Pubdate: Sun, 09 May 2004
Source: Courier-Journal, The (KY)
Copyright: 2004 The Courier-Journal
Contact:  http://www.courier-journal.com/
Details: http://www.mapinc.org/media/97
Author: Alan Maimon, The Courier-Journal

METHADONE ABUSE HITS STATE HARD

345 Deaths In 17 Months Tied To Drug

Methadone Has Become Kentucky's Deadly Drug Of Choice, Investigators And 
Many Coroners Say.

More than 340 Kentuckians have died from overdoses related to the synthetic 
narcotic since January 2003, according to a survey by The Courier-Journal.

A top Eastern Kentucky drug investigator said methadone is replacing 
OxyContin as the region's most abused prescription drug.

Methadone, invented in Germany during World War II as a substitute for 
morphine and used now as a painkiller and to treat heroin addiction, has 
found new popularity because of tighter controls on OxyContin, authorities 
said.

"Most of your big pain treatment centers and doctors quit prescribing as 
much OxyContin and started prescribing methadone," said Dan Smoot, a former 
state police detective who is head of law enforcement for the federally 
funded anti-drug task force Operation UNITE in Hazard.

No county in Eastern Kentucky has been hit harder than Breathitt, 
population 16,000. Since January 2003, 40 people have died from a 
combination of methadone and either alcohol, another painkiller or a 
tranquilizer, according to Bobby Thorpe, the county coroner.

In Jefferson County, 34 people have died from methadone-related overdoses 
in the past 16 months, by far the most of any drug, Chief Deputy Coroner 
Mark Handy said.

On average, Kentucky has about 400 overdose deaths annually from all drugs, 
said Tracy Corey, the state's medical examiner.

No agency keeps a statewide total of methadone-related deaths, but The 
Courier-Journal called coroners or deputy coroners in all 120 counties. As 
of Friday, 80 from all parts of the state had responded, reporting a total 
of 345 deaths linked to the drug since January 2003. Those counties 
represent about 75 percent of Kentucky's population.

Some coroners who responded to the survey, which began the last week in 
April, said their methadone figures were estimates rather than precise counts.

Asked about the results of the survey, Lt. Gov. Steve Pence, who also is 
the state's justice secretary, said, "It disturbs me."

In an interview Friday, Pence discussed the possibility of creating a 
"central depository on drug overdose deaths" to track whether certain areas 
are having abuse epidemics.

A team of 50 state, local and federal officials is compiling a report on 
Kentucky's substance-abuse issues, and Pence said the report will go to 
Gov. Ernie Fletcher on June 20.

Overdose victims

The survey of coroners showed that many victims have died from combining 
methadone with sedatives.

Bonnie Honaker, who lives in the Lost Creek community of Perry County, lost 
her sister to a lethal mixture of methadone and what her family described 
as nerve pills.

On the day after Christmas last year, 41-year old Jackie Melson, a mother 
of six, died in her Breathitt County home in Flintville, one of 10 county 
residents who died that month from a methadone-related overdose, according 
to Thorpe, the coroner.

Honaker said she knew that her sister occasionally abused drugs but that 
she was on the verge of getting her life back in order. She said Melson 
recently had moved from Columbia, Ky., to be closer to her parents and had 
told her family that the move marked a new start.

"She always called me and said, `I'm tryin' to straighten my life up,'" 
said Melson's 23-year-old daughter, Jennifer York, who lives in 
Cartersville, Ga. "I think she was real close to doing that when she died."

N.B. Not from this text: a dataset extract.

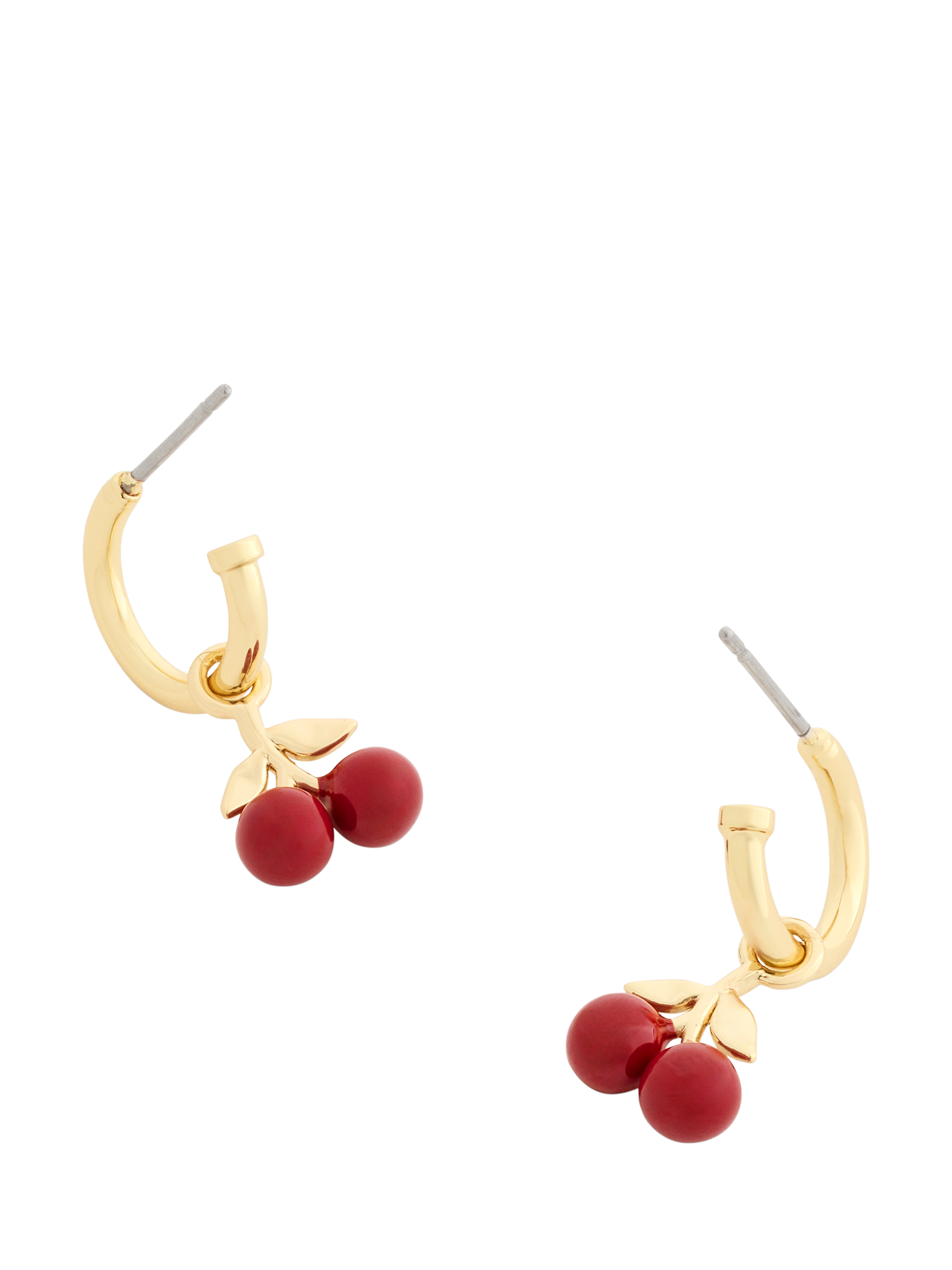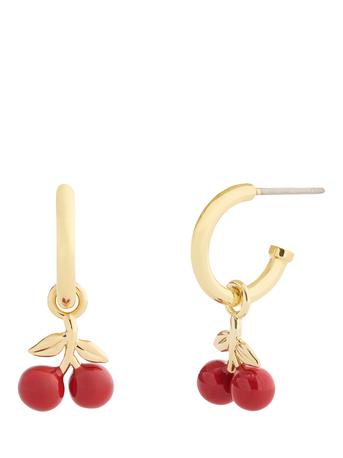 Refined huggie earrings, featuring an open silhouette paired with dangling vibrant red cherry charm. Posts are made from hypoallergenic titanium, perfect for everyday. Secured with a post-back closure. Suitable for pierced ears only.

Dean Craft, a Kentucky State Police detective in Hazard, said an 
investigation into Melson's death is still open.

In 2001, Kentucky physicians wrote more than 150,000 prescriptions for 
OxyContin, but that dropped to 130,000 in 2003, according to the Cabinet 
for Health Services. Meanwhile, the number of methadone prescriptions 
increased by about 340,000, to nearly 2.7million, during that time.

Authorities seized more methadone than any other drug during a series of 
investigations earlier this year that led to warrants for the arrest of 
more than 200 street-level drug traffickers in the region, Smoot said.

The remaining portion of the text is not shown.